Monday, December 03, 2007

Finishing

I've been busy the past few weeks quilting on two pieces. I tried a new edge finishing technique on them and I think I like it better then the facing technique I was using. Which involved a lot of sewing of mitered corners, moving back and forth from the work table to the sewing table way too much, and hand finishing. Plus I don't like how it offsets the fabric boundaries.

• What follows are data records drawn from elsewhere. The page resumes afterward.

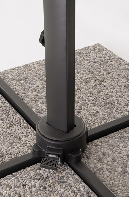 Stabilność parasola gwarantuje solidna, stalowa podstawa krzyżowa, którą dostarczamy w komplecie wraz z betonowymi obciążnikami.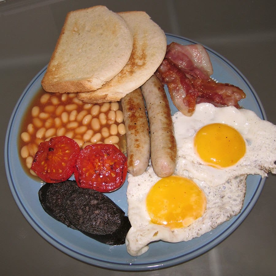 傳統英式風的早餐搭配可能不少人已經知道:蛋、香腸、培根、燉豆以及菇和番茄。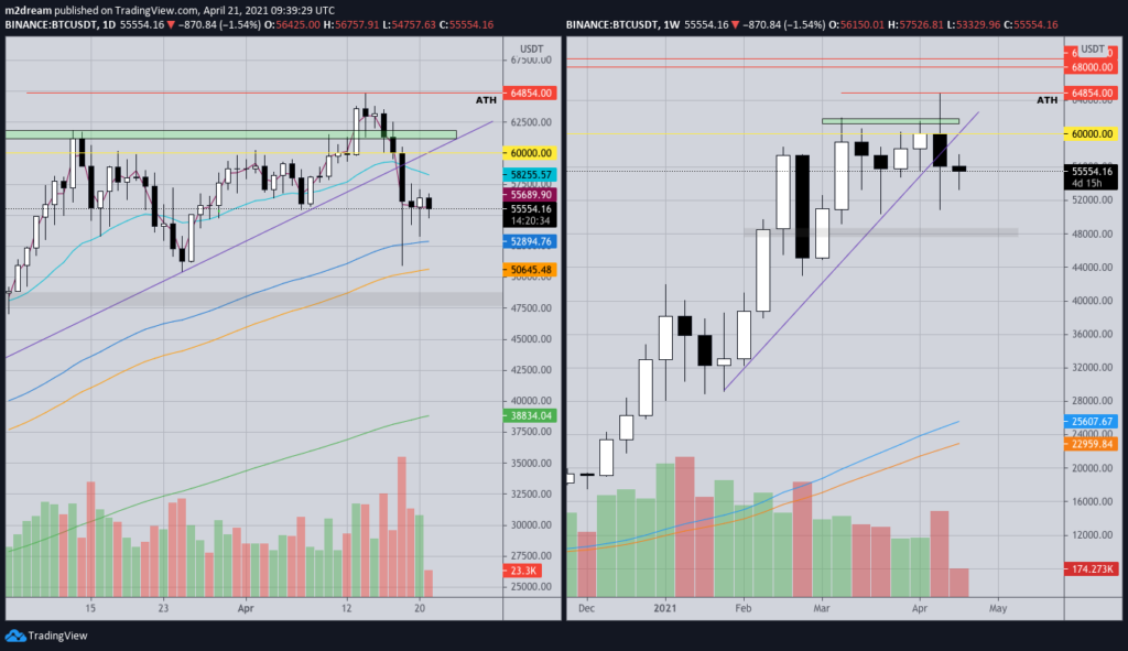 Прошлую неделю биткоин закрыл выше отметки в $56 000, пробив восходящую трендовую и уровень поддержки. На дневном графике котировки дошли до экспоненциальных средних на $52 000-$51 000, откуда падение активно откупили. Но вероятность снижения остается, если покупателям не удастся закрепиться выше $58 000 в ближайшие дни.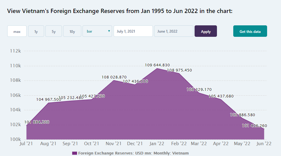 根据下图,可以清晰地看到,仅截至今年上半年,越南的外汇储备已经由年初的1096亿高位降至1014亿低点,为过去12个月以来最低水平。与此同时,全球资金正加速从越南撤离,截至9月,越南市场连续5个月陷入抛售潮,高达约970万亿越南盾的资金蒸发,几乎是2021年同期的4.9倍。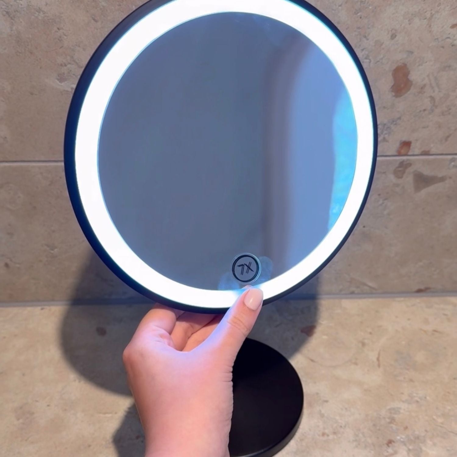 GLOW Make-up Mirror. Black. Free Standing. LED Light. Rechargeable battery, charge with USB. Magnifies 7 times. Mirror Diameter 200 mm. Height 335 mm.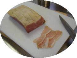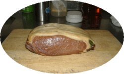適度な脂肪のロース肉(モモ肉も可)に約3~5%の塩をハーブと混ぜて全体に擦り込む。ラップをかけて冷蔵庫で一晩寝かします。肉が崩れない程度に竹串などで突き刺すと塩の回りが速いかも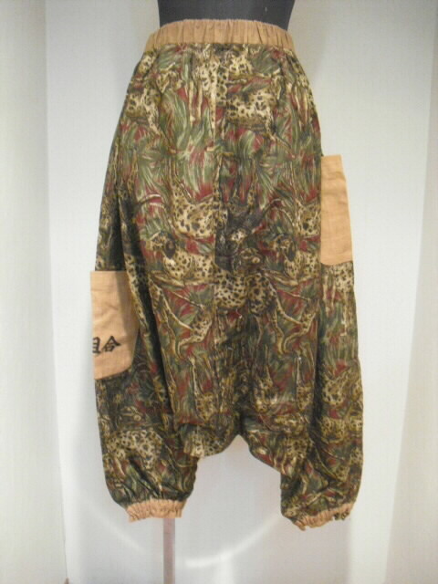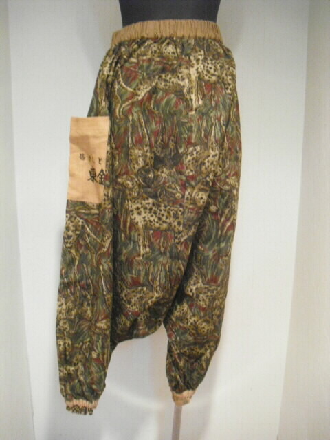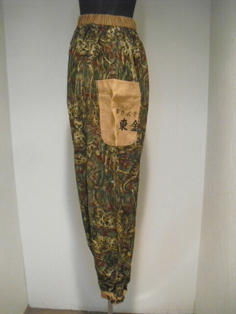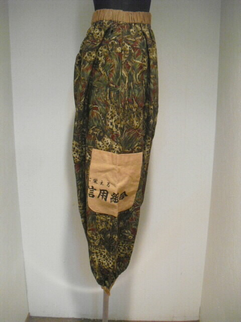柿渋染めした日本手ぬぐいをと綿の生地を組み合わせて作った個性輝くパンツです。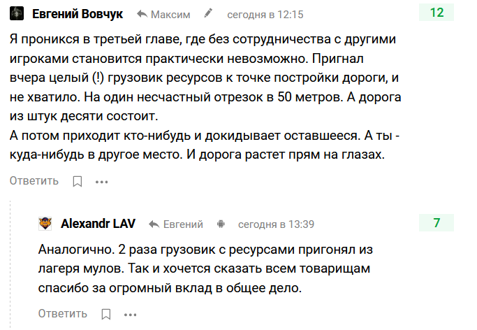 >>9867804 Я нихуя не понял эти дауны че в одного не могут осилить построить дорогу? Я соло на пиратке на основной карте построил дороги от края до края и ниче не задушился. А эти че-то плачут от счастья что им кто-то другой ресурсов принес. Видел я ролики, там же вся карта нахуй истыкана всем дерьмом, что игра из меланхоличной игры про одинокого путника превращается в весёлую прогулку. Когда бабу тащил через снега - это целый отдельный эпизод борьбы с природой и отдыхом на горячем источнике. В мультиплеере же пидорасы протянули канатную дорогу что через горы можно перелететь за 30 секунд вообще земли не касаясь.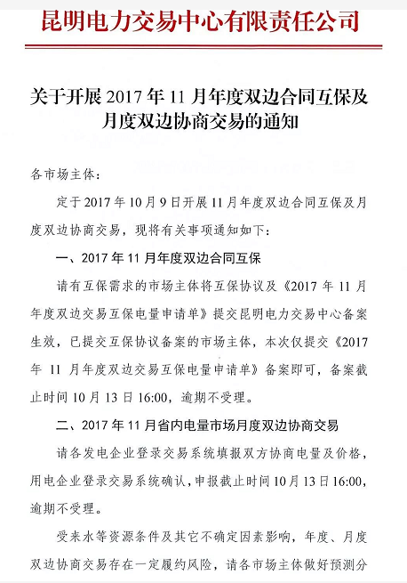 云南將開展2017年11月年度雙邊合同互保及月度雙邊協(xié)商交易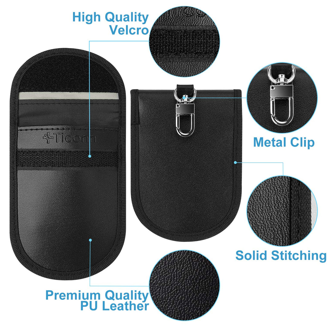- Original Accessories – 2PK Faraday Bag for Key Fob, 3.5''X5.0'' Faraday Cage Protector, Car RFID Signal Blocking, Anti-Theft Pouch Anti-Hacking Case Blocker (Black PU) by TICONN

This new technique which I learned from my friend Elizabeth Poole and modified a bit. I tried two methods, the modified one first. For the first, I cut strips of the backing fabric about 1.5 inches wide and put wonder under on them. I scored the wonder under down the middle and pulled off the paper. So what was left was the strip with wonder under exposed on half of it, the long way. Next step was to trim the quilt to its edges. I had already quilted most of the piece but left the outside 2 inches or so unquilted. Next, I slipped the exposed wonder under strip edge under the quilt top and over the batt, lining it up so that the papered half stuck out. Then fused it. The took the remaining paper off, turned the strip to the back side, and fused it. The result was that the batt was encased in the strip and since I used the backing fabric, it was nearly invisible. After I finished quilting the outer edges, the strip disappeared on the backside and no batt was visible.

The big problem with this technique is that it really distorted the quilt edges and they were very wavy. I really hate wavy edges, they drive me nuts. So I laid the quilt out on my work table, dampened it, and then steam pressed it flat. This seems to have worked.

This is the back (lime green) folded across the front. You have to look closely to see the folded back edge.
This is the edge on the front side. You can see the green strip here, but most places it's not visible. This could be a problem if the strip was some wildly different fabric from the front.

For the second piece, I didn't used the wonder undered strip. Quilted to the edge this time only leaving about 1/4" undone. This time I trimmed away the batt so that it was just slightly smaller than the top. Then trimmed the backing fabric to about 3/4" wider than the quilt. Applied wonder under to the backside of this strip, turned it to the back and fused it. Now I went around the entire outside of the quilt and adding enough stitching to ensure the back strip stayed down and also to close the gap between the top and the back so the batt couldn't show.
Here's the edge from the front side.
And from the back. You can see the folded back strip better here, partly because the edge stitching was done after the top had been quilted and so it doesn't cover the entire strip.


This second method did not distort the top at all. Both methods leave the edge rather fragile since they don't have the support of a facing, so time will tell how well I like how it holds up. I like the look.


This is the backside of the faced quilt. It's a very neat finish, but very time consuming.


This is what I mean about the fabric edges becoming offset. I don't like this, which is the major drawback to this method for my style of quilt. If I didn't have the irregular edges it wouldn't be an issue.


This coming weekend my husband and I are driving to Chicago to take some furniture that my Mother no longer needs and it doesn't fit into her studio. We are renting a minivan since neither of our cars is big enough to hold a dresser plus the other stuff. I don't much enjoy the drive and I sure hope the weather is good and the ice storm this past weekend doesn't repeat itself. We thought about flying out and renting the car to drive home but it costs more to rent a car one way for two days than it does to round trip it for four days. I guess they like their cars to always come back home.